One of the points he makes is that, in the real world, when a medical professional needs an answer to some obscure clinical question, they rarely dig through published case reports. Their pragmatic approach is to ask a respected colleague for their expert opinion because they feel this carries more weight than reading some randomly published paper.

Putnam argues that systematic reviews are emphatically not the highest level of evidence. This is a good point because they are simply a view of the actual evidence collected from a range of RCTs and observational studies. Obviously, this then depends on the quality of the review process and the input papers and studies which are in the review pool. Many of the studies included in these reviews will involve small sample sizes and (sometimes) dubious methodologies particularly when it comes to statistical analysis. I have had several conversations recently about papers published on research into intervertebral disc disease where the statistical analyses were less than ideal and/or where the studies were underpowered due to small sample sizes. The reason I queried these papers was that the findings contradicted previous studies (both in dogs and humans). Luckily, I have some very capable statistician friends and am in contact with researchers to whom I can turn for a critical appraisal of new papers.

A paper published by Prof. John Ioannidis (Stanford University) in 2016 said that there is massive production of unnecessary, misleading, and conflicted systematic reviews and meta-analyses. Instead of promoting evidence-based medicine and health care, these instruments often serve mostly as easily produced publishable units or marketing tools. He concluded that “China has rapidly become the most prolific producer of English-language, PubMed-indexed meta-analyses. The most massive presence of Chinese meta-analyses is on genetic associations (63% of global production in 2014), where almost all results are misleading since they combine fragmented information from mostly abandoned era of candidate genes.” More shockingly, a 2022 paper by Ioannidis stated that simulations show that for most study designs and settings, it is more likely for a research claim to be false than true and that many research findings may simply be accurate measures of the prevailing bias.

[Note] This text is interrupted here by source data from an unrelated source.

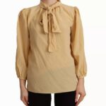 Mustard Ascot Collar Shirt Silk Blouse Top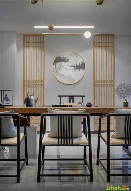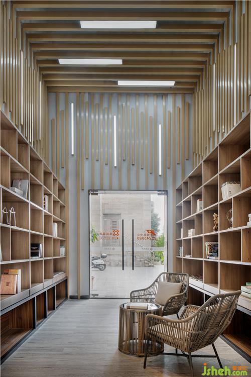 書吧區(qū)域設(shè)計師希望在此營造“私享書房”的自在、愜意氛圍。讓客人暫時卸下生活的疲憊,探尋生活與事業(yè)的新靈感。木色與莫蘭迪灰色系墻面形成整體色調(diào)呈現(xiàn),原木條、皮革、金屬材質(zhì)共同運用為空間自然原始的氛圍營造貢獻(xiàn),增加空間趣味性同時,也增加了訪客停步率,成為一種具有功能性的藝術(shù)裝飾。在日光或燈光的映照下,室內(nèi)大小空間有了表情,明與暗的層次、虛與實的對比、形與影的競走,豐富著空間的意境氛圍。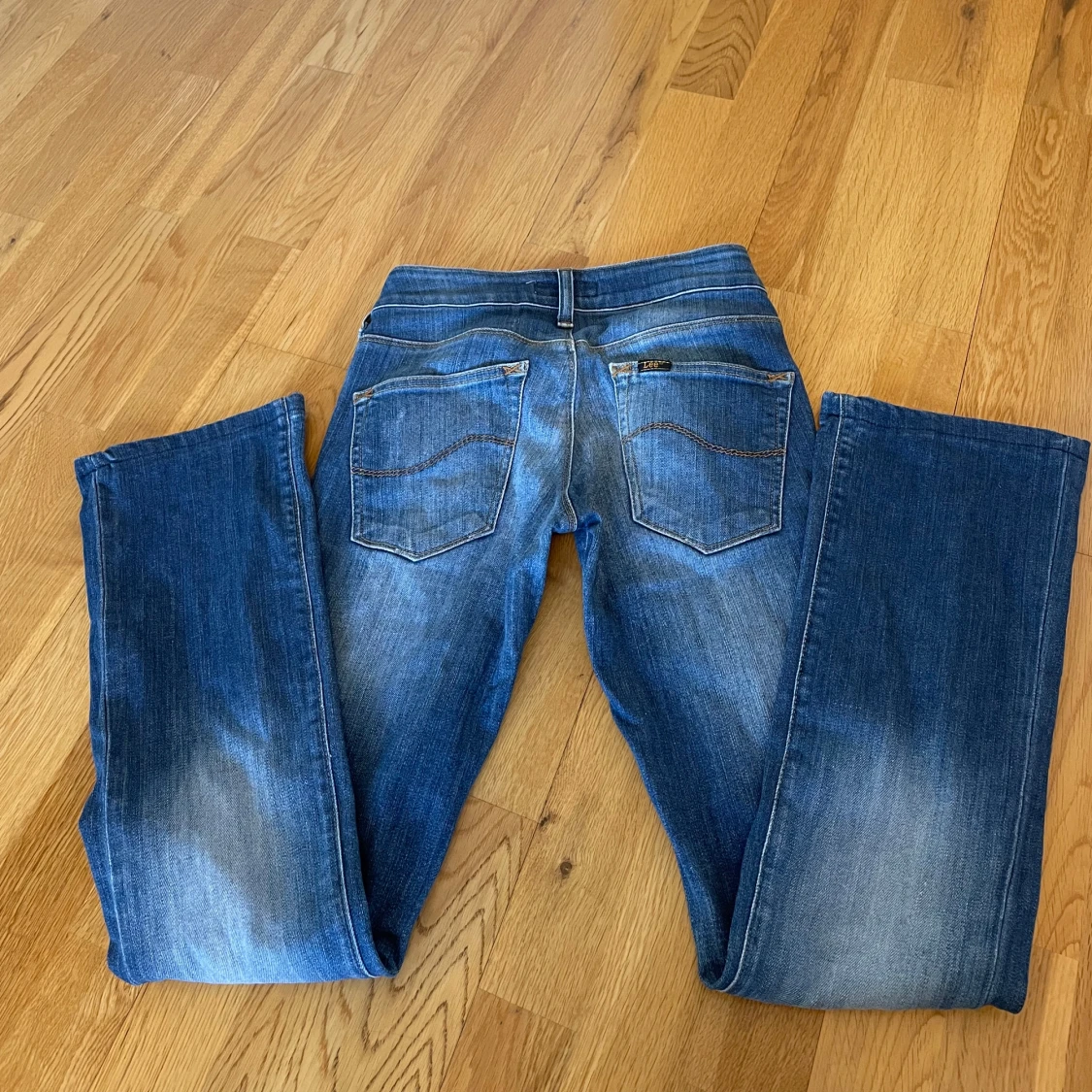 Snygga blå bootcut jeans från Lee med låg midja. Midjemått 35 innerbenslängd 74 ytterbenslängd 95. Mått och första bilden är tagen från förra säljaren! Säljer då dom är lite för små för mig!🥰🥰

What should be at the top of the pyramid?

Putnam argues that RCTs should be at the top of the evidence pyramid. However, he goes on to say that we should acknowledge that many RCTs are poorly designed, underpowered and subject to bias. Therefore, instead of the pyramid having discrete layers that differentiate between sources of evidence, the model should recognise that some trials are worse than some cohort studies. In other words, there is more of a blurred boundary between observational studies and RCTs. The case for this reengineering of the Evidence Pyramid was also made by Murad et al in the BMJ in 2016.

Does it matter in the real world?

We are encouraged to consider Evidence Based Veterinary Medicine as an underpinning principle for recommending approaches to diagnosis and treatment of canine health conditions. The quality of evidence should determine the confidence in recommendations.

In practice, there don’t seem to be that many published RCTs that are of relevance to us but there are numerous observational and cohort studies (retrospective and prospective). Putnam ended his article by saying that “good observational studies may be better than bad RCTs and that we should read and judge each paper by its individual merits, not by its strata on a colourful pyramid.”

So, in the real world, it might be worth reading the “Limitations” section of any research paper before you read the full paper. It’s also worth reading the “Conflicts of Interest” declaration to find out who funded the study. I think it was Sid Vicious who said “Today, everything’s a conflict of interest”! 


Who’s using the data and why?

It’s not unusual for research papers to get widely reported in the national press, particularly where it’s possible to spin a provocative headline that grabs readers’ attention. Lobby groups and campaigners are also skilled at selecting research that supports their cause. You’d be surprised if they didn’t do that; after all, they have a cause to promote. 

In March 2019, I wrote about the discussions on social media when new scientific papers on canine health and welfare matters are reported and when breed clubs publish their health survey results. Newly published research should prompt us to ask the question “why?” – why might a particular association have been identified and why might the results have turned out like they did.

Last year, the VetCompass project published a paper that generated a lot of publicity in the national press. Life tables of annual life expectancy and mortality for companion dogs in the

United Kingdom reported an approach to assessing canine longevity (Life Tables) which is well-established in human health studies. The paper’s findings that the French Bulldog had the shortest life expectancy of just 4.5 years compared with Jack Russell Terriers (12.7 years) inevitably made for some eye-catching headlines. The VetCompass paper also reported the average longevity of Japanese French Bulldogs to be 10.2 years. Perhaps unsurprisingly, that figure didn’t feature in the press headlines.

In contrast, the Kennel Club’s 2004 and 2014 breed health surveys showed the median age of mortality of French Bulldogs to be 9 and 5.9 respectively. This data is summarised in the French Bulldog Breed Health and Conservation Plan. When the KC’s 2014 survey results were published in 2016, the overall median age of death of pedigree dogs was reported as 10, down from 11.3 in 2004. This led to descriptions of an “apocalyptic drop in purebred dog longevity” despite the fact that no such (statistically valid) conclusion could be drawn from the data reported.

Why the differences in longevity?

The VetCompass paper describes some of the limitations associated with the results they published. The limitations included:

  • The sample size for FBs was relatively small, resulting in life tables with reserved confidence
  • The sample was biased towards younger dogs that contribute proportionately more deaths in younger ages

VetCompass reports are based on a particular sample population – dogs attending first opinion vet practices in the UK. This sample will, like every sample, have its own biases. We know, for example, that insured dogs are more likely to be taken to the vet. The Life Tables paper was derived from a sample of nearly 900,000 dogs that had at least one visit to a vet

(90% in England) during 2016. These visits would have been not only due to illness but also included routine vaccinations. It is, therefore, not as simple as arguing that the dogs in the study were all ill. The paper drew data from nearly 900 vet clinics and VetCompass claims to gather data from about a third of all practices in the UK.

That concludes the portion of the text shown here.